◆ Exercise instructions
Transcribe, starting at the line with "11月9日,第十五屆全國運(yùn)動會" and ending at the line with "В районе Таганской", every line of the material below exactly, but leave out the pictures and anything outside that span.

◆ Data records
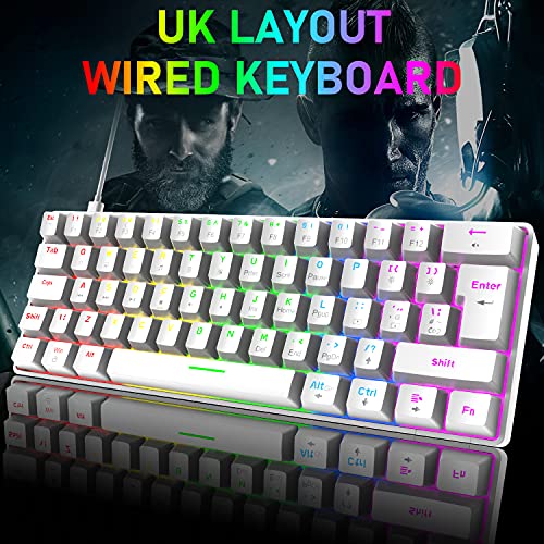 【Tastiera Meccanica da Gioco al 60%】 La mini tastiera da gioco cablata al 60% adotta un design compatto a 62 tasti, leggero, di piccole dimensioni, semplice nell'aspetto e comodo da usare. Lascia che la tua scrivania liberi più spazio per spostare il mouse o posizionare altre apparecchiature. La tastiera è plug and play per una connessione affidabile. È QWERTY UK Layout.
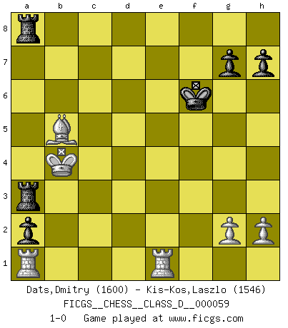 Last move : 1-0 2007 November 29 5:14:44 [Event "FICGS__CHESS__CLASS_D__000059"] [Site "FICGS"] [Date "2007.09.21"] [Round "1"] [White "Dats,Dmitry"] [Black "Kis-Kos,Laszlo"] [Result "1-0"] [WhiteElo "1600"] [BlackElo "1546"] 1.e4 c5 2.Nf3 d6 3.d4 cxd4 4.Nxd4 Nf6 5.Nc3 a6 6.Bg5 e6 7.f4 Qc7 8.Qf3 b5 9.O-O-O b4 10.e5 Bb7 11.Ncb5 axb5 12.Bxb5+ Nbd7 13.Qh3 b3 14.exf6 bxa2 15.Kd2 Bd5 16.Rhe1 Qa7 17.Nxe6 Qf2+ 18.Kd3 fxe6 19.f7+ Kxf7 20.Bxd7 Bc4+ 21.Kxc4 Qxc2+ 22.Kd4 Qxb2+ 23.Qc3 e5+ 24.fxe5 dxe5+ 25.Kc4 Qxc3+ 26.Kxc3 Ra7 27.Bb5 Ra3+ 28.Kc4 Be7 29.Bxe7 Kxe7 30.Rxe5+ Kf6 31.R5e1 Rc8+ 32.Kb4 Rca8 33.Ra1 1-0 Sicilian : Najdorf, 7.f4 Queenside Castling by player White (move 9) Player White won this chess game. Follow this game move after move (download)It is not a move, even the best move that you must seek, but a realizable plan. (Eugene Znosko-Borovsky) Kasparov ist eine Art Monster mit hundert Augen, denen auch nicht das Geringste entgeht. (Tony Miles) Un buen jugador siempre tiene buena suerte. (José Raúl Capablanca) Aucun coup ne doit être joué sans but. (Pedro Damiano) Mac users swear by their computers. PC users swear at their computers. (Author unknown)
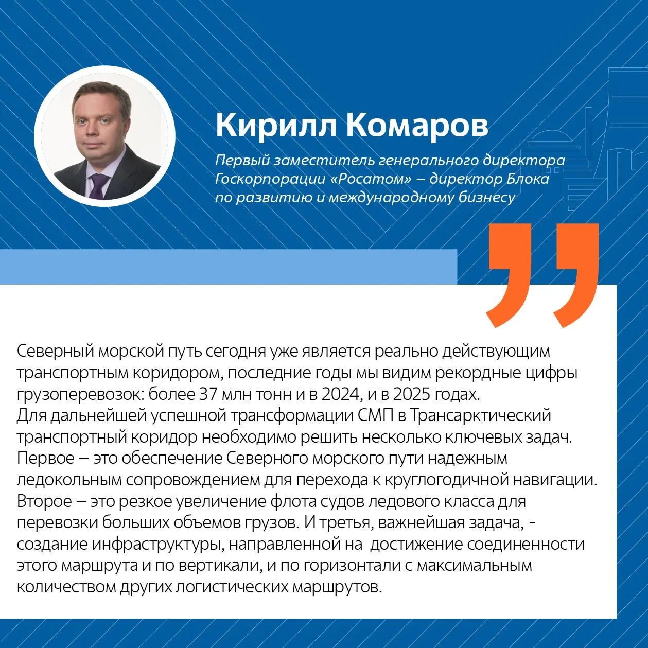 - СМП обладает колоссальным потенциалом как благодаря богатейшим ресурсным месторождениям, так и возможности перехода к круглогодичной навигации. Госкорпорация обладая уникальным атомным ледокольным флотом, готова обеспечить надёжное и, главное, безопасное транспортное сообщение по всему арктическому побережью, соединяя Азию и Европу.
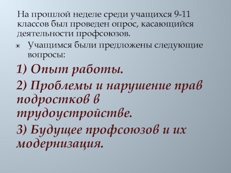 Тема: «Профсоюзы: прошлое, настоящее и будущее»
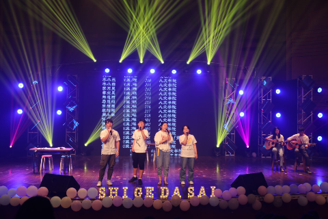 5月26日,满冠平台超豪学区第七届“同E首歌”室歌大赛决赛暨“舍彩缤纷”舍里文化节闭幕式在温大南校音乐厅举行。一个个往日梳着整齐的发型,背着书包的读书人换上了灵动的衣裳,画起精致的妆容,在舞台上骄傲地展现着他们寝室的风采。
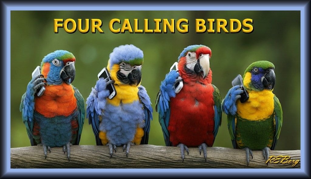 Holiday Twitter Image December 19, 2024 R.E. Berg Companion Critters, humor, joke, Marginal Entertainment, meme, Musical Mayhem, Special Days birds, branch, calling, cell phones, four, parrots
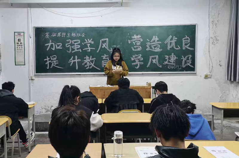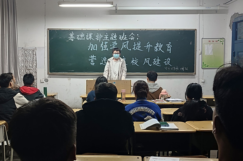 根据党委必威app安卓版无弹窗部2022年【14】文件《关于开展“加强学风提升教育 营造优良校风建设”主题班会的通知》相关要求,为进一步规范和提升基础的教育教学水平,在学生中形成争先创优的浓郁学风,以“厚德重能,励学敦行”的校训和“勤奋、严谨、求实、创新”的校风为抓手,积极践行“忠博武毅”的国防职教精神。基础课部于2022年11月8日晚组织9个班级以“加强学风提升教育营造优良校风建设”为主题开展主题班会。
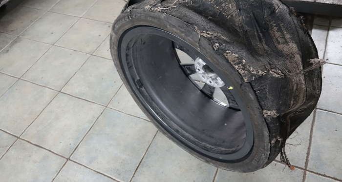 W przypadku gdyby pojazd poruszał się na standardowych oponach o tak niskim profilu - 315/35 R22 (prawy tył) oraz 275/40 R22 (prawy przód) - doszłoby z pewnością do widocznych uszkodzeń ściany bocznej i stalowego opasania.
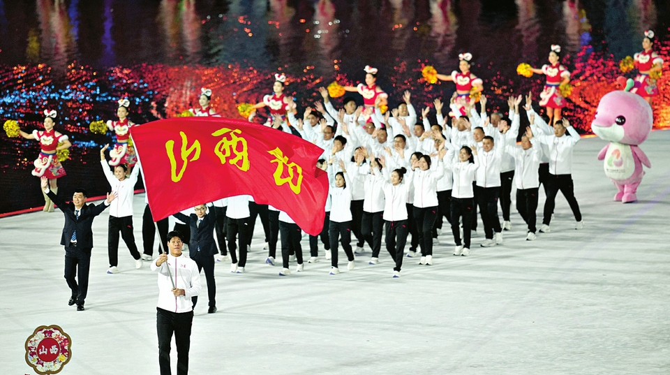 11月9日,第十五屆全國運(yùn)動會開幕式在廣東奧林匹克體育中心舉行。圖為當(dāng)日,山西省體育代表團(tuán)在入場儀式上。
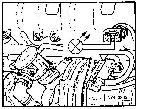 - Disconnect 2-pin harness connector from N80 valve and connect VAG 1527B LED tester to disconnected connector using jumper wires from VW 1594 adaptor kit
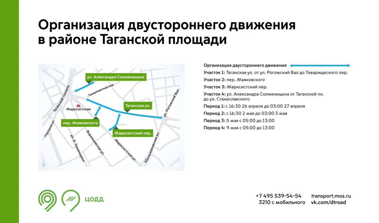 В районе Таганской площади с 16:30 мск 2 мая до 03:00 мск 3 мая будет организовано двустороннее движение. На участках будет запрещена парковка с 1 до 9 мая.
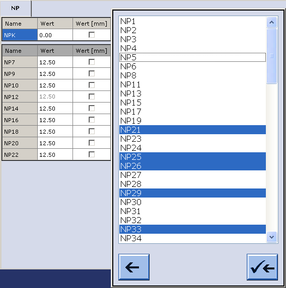 En el diálogo seleccionará de los índices de NP los que aún no fueron entrados en la tabla.
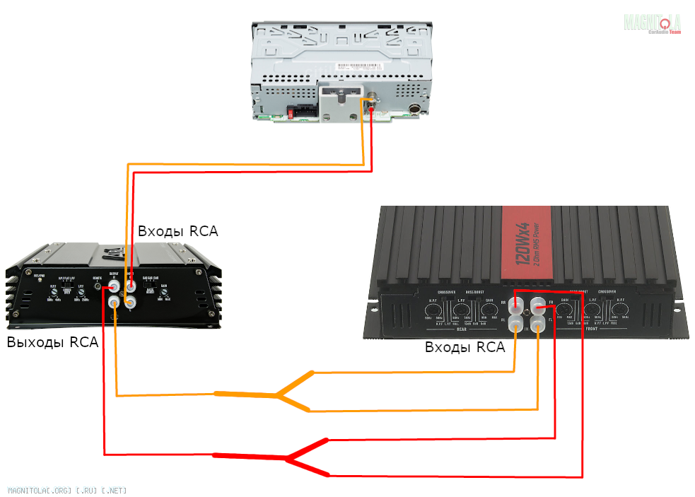 У магнитолы один линейный выход RCA, он пойдет на усилитель сабвуфера, у которого есть и вход и выход RCA.
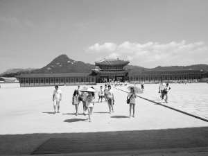 穿过国立民俗博物馆,小记者来到了朝鲜时代故宫——景福宫,从王室就寝的康宁殿、交泰殿,国王处理朝政的思政殿,到国王朝见百官或接见使节的勤政殿,每一处建筑都凝聚着韩国人民的智慧。小记者穿过这一座座庄严的宫殿时,不禁被韩国人民的聪明智慧所折服。“没想到韩国往日的皇宫会这么壮观,我要多拍一些照片,记下这里的每一处建筑。”小记者陆家俊边拍照边兴奋地说。
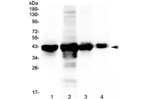 Optimal dilution of the PON1 antibody should be determined by the researcher.\. Western Blot: 0.5-1 μg/mL,IHC (FFPE): 1-2 μg/mL,ELISA (Capture, mouse recombinant protein): 0.1-0.5 μg/mL (BSA-free format available)
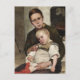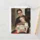 Uma mãe do século 19 com um vestido severo de homespun segura seu filho com lareira e cozinhar no fundo. Vintage fine art, do pintor sueco Gerda Tiren.

◆ Response for this exercise
 11月9日,第十五屆全國運(yùn)動會開幕式在廣東奧林匹克體育中心舉行。圖為當(dāng)日,山西省體育代表團(tuán)在入場儀式上。
 - Disconnect 2-pin harness connector from N80 valve and connect VAG 1527B LED tester to disconnected connector using jumper wires from VW 1594 adaptor kit
 В районе Таганской площади с 16:30 мск 2 мая до 03:00 мск 3 мая будет организовано двустороннее движение. На участках будет запрещена парковка с 1 до 9 мая.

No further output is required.